# 69 GTO with 455 and AC needs an idle stop solenoid



## brianj (Sep 5, 2017)

Question out to anyone who has solved this problem. I have a 455 with the correct Qjet 7041262 installed. I have factory AC and the engine is modified with hydraulic roller cam and aluminum heads/headers so it has a little less vacuum at idle than stock. When I turn on the AC the idle struggles. In order to compensate I have optimized timing and vacuum at idle but still having to artificially raise the idle with the idle screw thus taking the carburetor off the idle circuit. When the AC is off, the idle is too high. My plan is now to reduce the idle where it should be and install an idle stop solenoid to engage the throttle lever pad when the AC is turned on. easy right? I have been trying to source an idle stop solenoid and bracket but I see that nothing exact fit exists anymore, even though the throttle lever has a pad on it for a solenoid to strike. Question is has anyone already engineered a solution out there? and if they have I would duplicate their efforts with thanks.

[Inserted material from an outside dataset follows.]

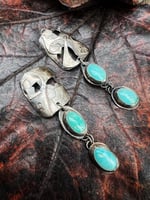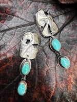 Art meets alchemy in these one-of-a-kind sterling silver earrings, crafted from free-form silver remnants reborn into sculptural, organic shapes. Below each abstract form, rich Royston turquoise cabochons sway with a natural, desert-kissed vibrance. Measuring 2.75" (7cm) in length, these earrings offer a bold, fluid movement that catches the eye even before the ear wires are added.

I attached a picture of the crap solenoid I bought that didn't line up right nor did it have any strength at all to hold the throttle position. Ames has since stopped selling these becouse they are no good so I am open to any and all suggestions.


----------



## Pinion head (Jan 3, 2015)

Idle stop solenoids were factory installed on '69-71 factory manual transmission equipped Pontiac Q-jets. Also, were factory installed on both auto & manual trans equipped '72 Pontiac 4bbl engines. Have yet to have problems with an original '71 or 72 solenoid, do know there was a change in the style of brackets used. I'd try a original solenoid.


----------



## PontiacJim (Dec 29, 2012)

Ah, this is were fabrication comes into play. Why not slot the bolt holes to see if you can then get the position you want and then cinch it down?

Is this what you have? 1968 - 1972 AC Fast Idle Solenoid Switch, DR1114423 and 1997405 Looks to me you could slot the bracket on the solenoid itself and then the attaching bracket that goes on the engine.


----------



## Pinion head (Jan 3, 2015)

The reproduction idle stop solenoid was brought to market about 10 years ago by a concern that was producing them for muscle era Mopar v8's (to mount off an AFB carb). 

On Pontiac V8's, the stamped steel mtg bracket mounted off the front drivers side Q-jet mounting bolt. The gauge of steel along with a stifferening rib allowed the rigid bracket & original solenoid to properly line up & perform properly for 100's of thousands of miles. know nothing about the reliability of the windings in the repro solenoids, am still using original idle stop solenoids.


----------



## brianj (Sep 5, 2017)

Yes, the repro solenoid you see pictured is junk, it has no ability to hold position. Ames has stopped selling and most sites, like the one Jim shared indicate they are no longer available. I got one of the last and it didn't work. Interesting that an original solenoid will fit that bracket. I thank you both for the knowledge shared. Efforts in finding an original solenoid and bracket have been futile so far. Thanks for the specific history info, that helps me. If anyone knows where I can get an original fitment device and even a bracket I would be in your debt


----------



## BLK69JUDGE (Jun 10, 2010)

*Hi*

I should have a spare working one

I will look this afternoon........

Scott


----------



## brianj (Sep 5, 2017)

Thanks Scott, please call or text me your number if you can spare it. 780-446-2262 Very much appreciated, just let me know what you want for it.


----------